Some subsea installations have a pipeline end manifold (PLEM), which connects a flowline with another subsea structure or joins a main pipeline with a branch pipeline. The PLEM can incorporate tie-in points with other components such as isolation valves, diverter valves and sensor arrays. Some PLEM designs incorporate facilities for launching pipeline pigs—devices used to clean or monitor the inside of a pipeline.
When a reservoir does not have sufficient energy to produce the fluids from one subsea component to the next, a subsea boosting pump may be installed. Boosting pumps function as a seafloor artificial lift system, increasing both flow rate and recovery by reducing backpressure on the reservoir.
Other recent advances in subsea processing are used to enhance field economics. Seafloor separation and reinjection of produced water can alleviate constrained topside water handling capacity while supplementing reservoir energy through waterdrive. Subsea gas compression, including wet gas compression, can improve viability of certain marginal developments.
Flow to the Surface
Flowlines tie one or more fields back to a production facility—a shore-based processing facility or fixed production platform in shallower waters—but in deeper waters, a semisubmersible, spar and floating production, storage, and offloading vessel (FPSO) is used. The flowlines do not necessarily trace a straight course from wellhead to platform but may bend to avoid obstacles such as existing subsea infrastructure or natural obstructions such as underwater seamounts or canyons. As it follows the topography of the seafloor, the flowline climbs gradually from the colder, deeper reaches of the field upward through relatively warmer, shallower waters before reaching the production facility.
Water depth affects temperature, which can adversely impact flow between the subsea tree and the production facility. Upon exiting the well-head, warm produced fluids may encounter deepwater temperatures approaching 2°C [36°F] at the seafloor. Heat transfer between the produced fluid in the pipeline and the surrounding seawater can cool the fluid to the point that gas hydrates start to form. The change in fluid temperature beyond the tree influences the operator's thermal management strategy. At some fields, chemicals such as methanol [CH3OH] or monoethylene glycol [C2H6O2] are injected into the system to keep the wellstream flowing then recovered on the surface and reused.
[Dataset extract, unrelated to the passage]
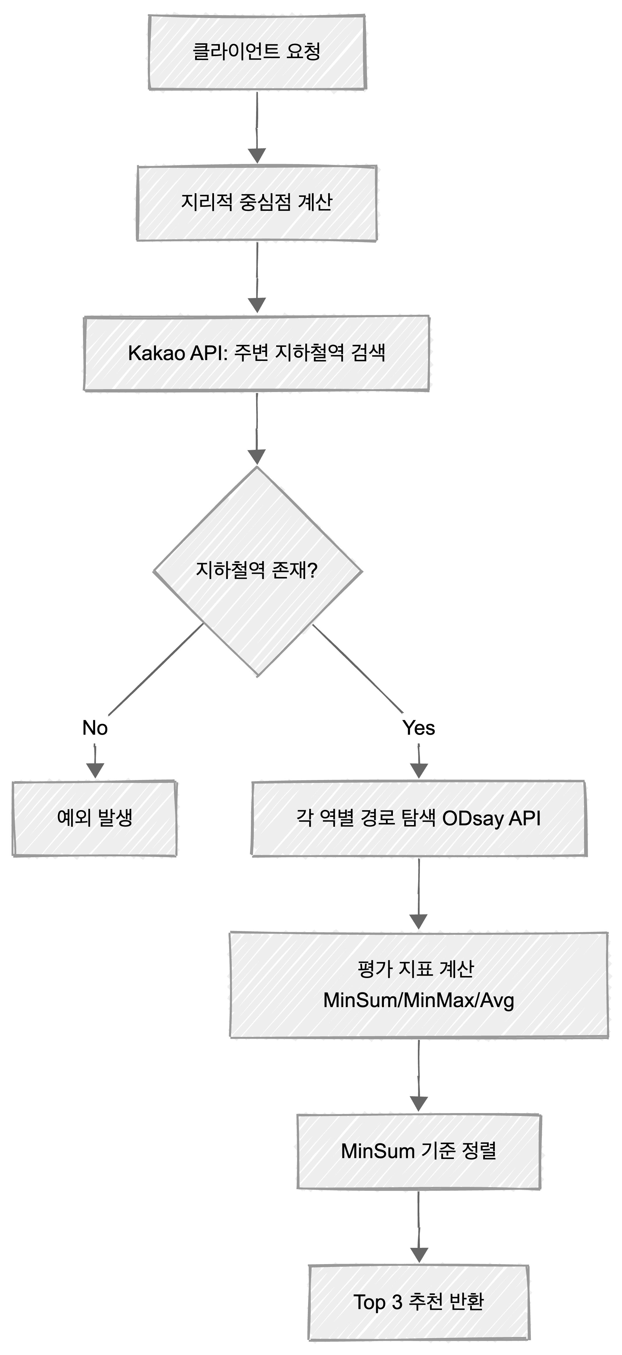 - 처리: 중심점 계산 → 근처 지하철역 5개 찾기 → 각 역까지 모두의 경로 탐색

Some operators use electrically heated flowlines; others use foam-insulated pipe. Some operators bury the flowline beneath the seafloor for insulation, but flowlines at certain fields require no additional heat or insulation at all. The chemistry and rheology of the produced fluids ultimately dictate which methodology is adopted.
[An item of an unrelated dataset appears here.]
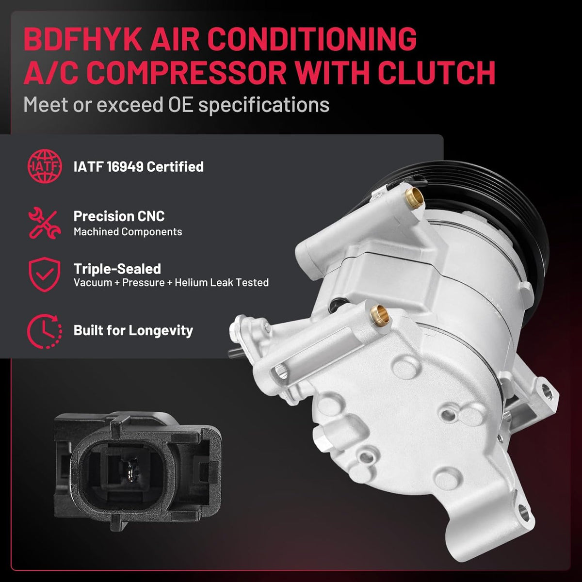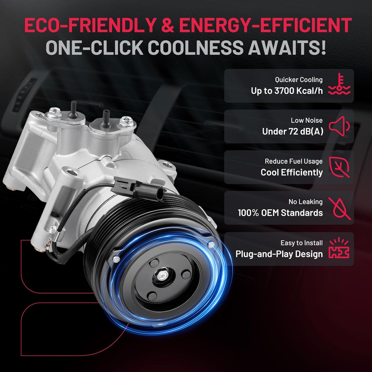 Reliability & Performance - 100% Brand New | IATF 16949 Certified | 50,000-Mile Accelerated Life Tested | Triple-Sealed: Vacuum + Pressure + Helium Leak Tested (99.9% Leak-Free) | Precision CNC-Machined Components | Faster Cooling & Quieter vs. Standard Compressors | Built for Longevity

Production flowlines run from the manifold to structures that are linked to risers that direct the flow to the production facility. Risers transport produced fluids from the seafloor to the surface production facility. Like flowlines, many risers are insulated against cold seawater temperatures. They offer a measure of flexibility to withstand subsurface water currents or movement of the floating facility.
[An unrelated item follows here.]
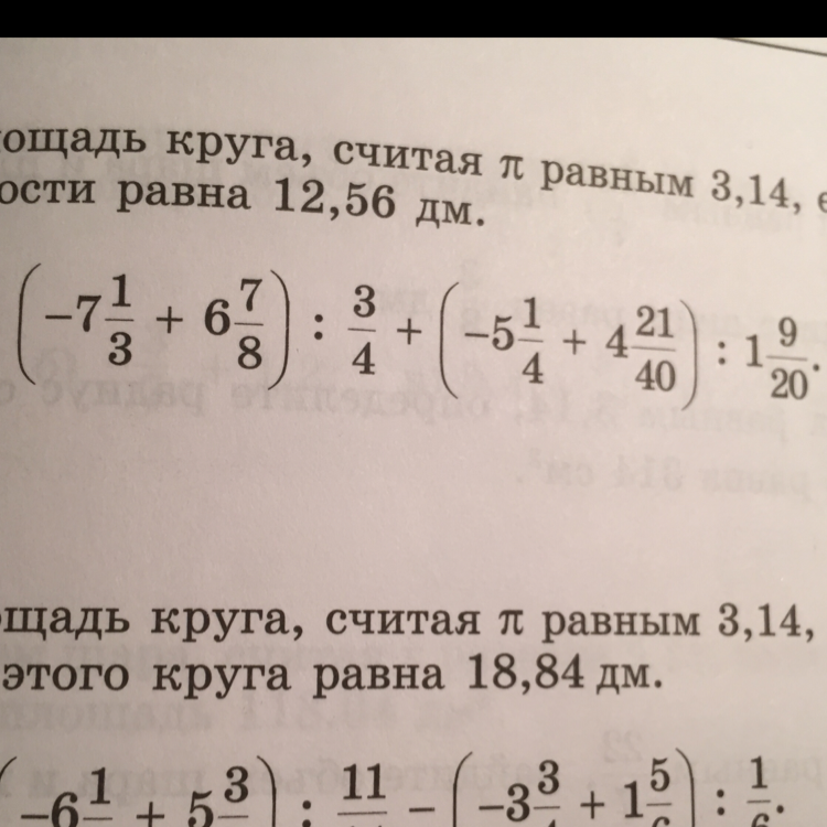 ( - 7 1/3 + 6 7/8 ) : 3/4 + (- 5 1/4 + 4 21/40 ) : 1 9/20 =

The surface processing facility provides power, control, communication and chemical injection services back to the subsea production system. These services are transmitted through a subsea distribution system using umbilicals. Multiple steel and thermoplastic conduits are often bundled together with hydraulic lines, chemical injection lines, power conductors and fiber-optic cables to form a single integrated umbilical (Figure 2). These flexible conduits require sophisticated materials and manufacturing techniques to withstand deep-ocean currents, pressures and temperatures. Power conductors provide electricity for subsea equipment and system sensors. Hydraulic lines are used to open and close subsea valves. Fiber-optic lines instantly relay sensor information and control commands between the sea-floor and the surface. Some umbilical lines pump chemicals into the production stream. Umbilicals directly or indirectly service nearly every component in the subsea production system and are critical to operating the field. The lines typically run from the surface processing facility to an umbilical termination assembly (UTA) on the seafloor, from which services are distributed throughout the field.